DATA TO PROCESS:
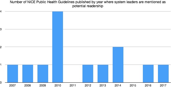 Most NICE guidance focusses on areas 1 and 2; however, NICE Public Health Guidance for understandable reasons has a greater focus on areas 2 and 3. Even here emphasis is more on services rather than systems. I have looked at the 65 NICE public health guidelines of these only 13 specifically mention that the intended readership includes system leaders such as elected members, Health and Wellbeing Boards, Local Strategic Partnerships etc. My working out is here.
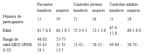 El segundo grupo de sujetos está formado por personas sanas con edades similares a las de los pacientes (21 hombres con edad promedio de 67.4 años y 18 mujeres con edad promedio de 60.5 años). Ninguno de los controles tiene historia de enfermedades neurodegenerativas, o algún otro desorden de movimiento.
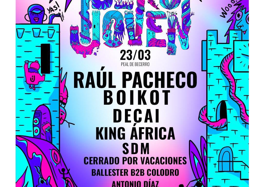 La música electrónica tendrá protagonismo gracias a la visita estelar del extremeño RAÚL PACHECO. Codeado con los mejores referentes del mundo en fiestas y festivales de primer nivel, el reputado dj a nivel nacional regresará a Jaén para hacer mover el esqueleto a los fans, derrochando una clase de personalidad y maestría a los platos y haciendo que el Tech-House reluzca de forma muy especial. En esos mismos géneros encontramos a dos djs jiennenses que vienen haciéndolo muy bien en los últimos tiempos como son BALLESTER y COLODRO, quienes unirán fuerzas en una actuación en formato B2B; así como MANNEK, quien también hará que el Tech-House suene de lo lindo en la cita.
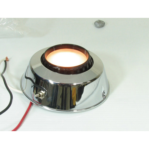 Surface mount directional eye ball interior downlight with integral toggle switch. Gloss chrome finish moulded plastic housing. Frosted polycarbonate lens. 10 watt, 12 volt halogen bulb.
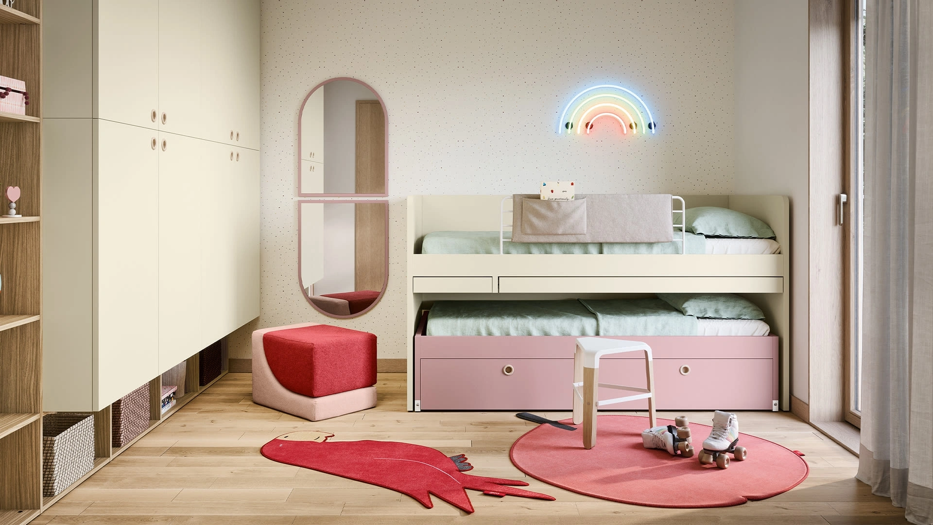 Arreda stanzette moderne con le Camerette salvaspazio Nidi! Il modello Salvaspazio Letti Rialzati in melaminico è per bambini.
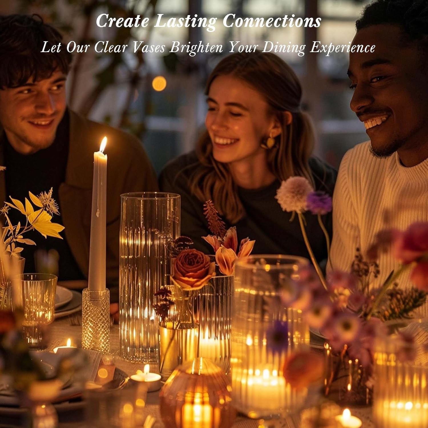 - 🌷【SIMPLE AND ELEGANT DESIGN】: The 12-pack 6-inch tall clear straight borosilicate glass vase features straight, textured surface that reveals unparalleled purity of beauty
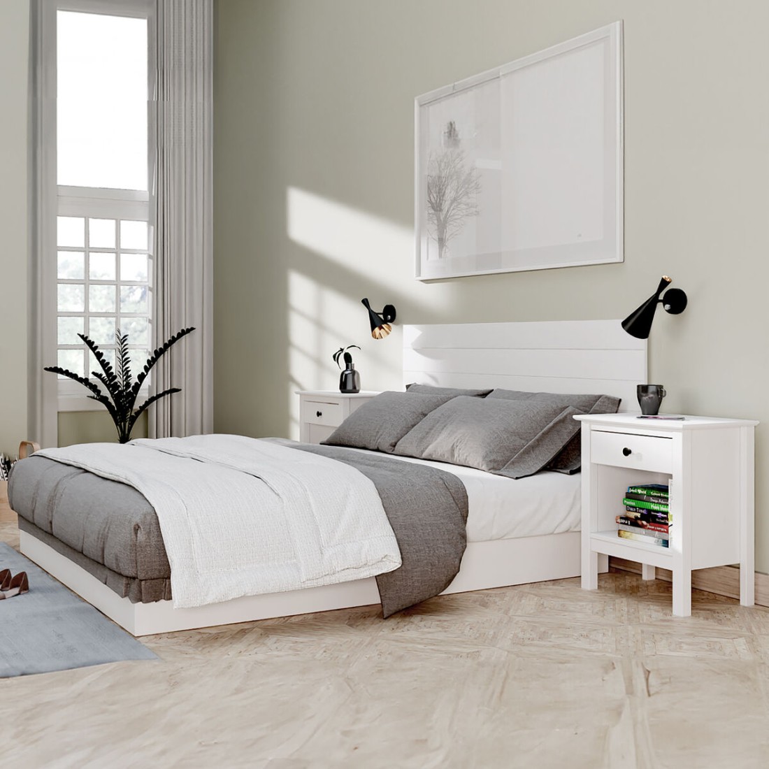 Mesita de Noche Alexandra House Living Blanco Metal Madera de pino 47 x 60 x 35 cm 1 cajón
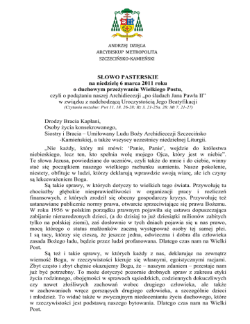 Słowo Ks. Arcybiskupa na Wielki Post 2011
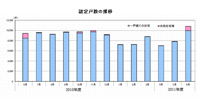 国土交通省は7月15日、長期優良住宅建築等計画の6月末時点での認定状況を発表した。6月単月の認定戸数は、戸建て住宅が9958戸、共同住宅等が842戸で、合計1万800戸だった。単月の認定戸数が1万戸を超えたのは制度開始以来初めて。
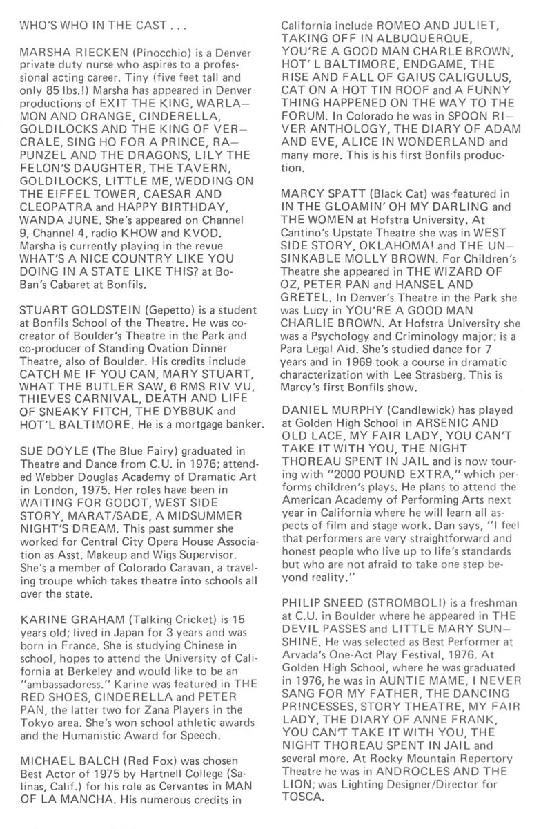 | 76-77 | Sat, Oct 30, 1976 | Pinocchio | Bonnie Eckard |

TASK BRIEF:
Each line from the first line of the material above through the line containing "Arreda stanzette moderne" is to be reproduced exactly, with both ends kept and pictures left out.

ANSWER SECTION:
 Most NICE guidance focusses on areas 1 and 2; however, NICE Public Health Guidance for understandable reasons has a greater focus on areas 2 and 3. Even here emphasis is more on services rather than systems. I have looked at the 65 NICE public health guidelines of these only 13 specifically mention that the intended readership includes system leaders such as elected members, Health and Wellbeing Boards, Local Strategic Partnerships etc. My working out is here.
 El segundo grupo de sujetos está formado por personas sanas con edades similares a las de los pacientes (21 hombres con edad promedio de 67.4 años y 18 mujeres con edad promedio de 60.5 años). Ninguno de los controles tiene historia de enfermedades neurodegenerativas, o algún otro desorden de movimiento.
 La música electrónica tendrá protagonismo gracias a la visita estelar del extremeño RAÚL PACHECO. Codeado con los mejores referentes del mundo en fiestas y festivales de primer nivel, el reputado dj a nivel nacional regresará a Jaén para hacer mover el esqueleto a los fans, derrochando una clase de personalidad y maestría a los platos y haciendo que el Tech-House reluzca de forma muy especial. En esos mismos géneros encontramos a dos djs jiennenses que vienen haciéndolo muy bien en los últimos tiempos como son BALLESTER y COLODRO, quienes unirán fuerzas en una actuación en formato B2B; así como MANNEK, quien también hará que el Tech-House suene de lo lindo en la cita.
 Surface mount directional eye ball interior downlight with integral toggle switch. Gloss chrome finish moulded plastic housing. Frosted polycarbonate lens. 10 watt, 12 volt halogen bulb.
 Arreda stanzette moderne con le Camerette salvaspazio Nidi! Il modello Salvaspazio Letti Rialzati in melaminico è per bambini.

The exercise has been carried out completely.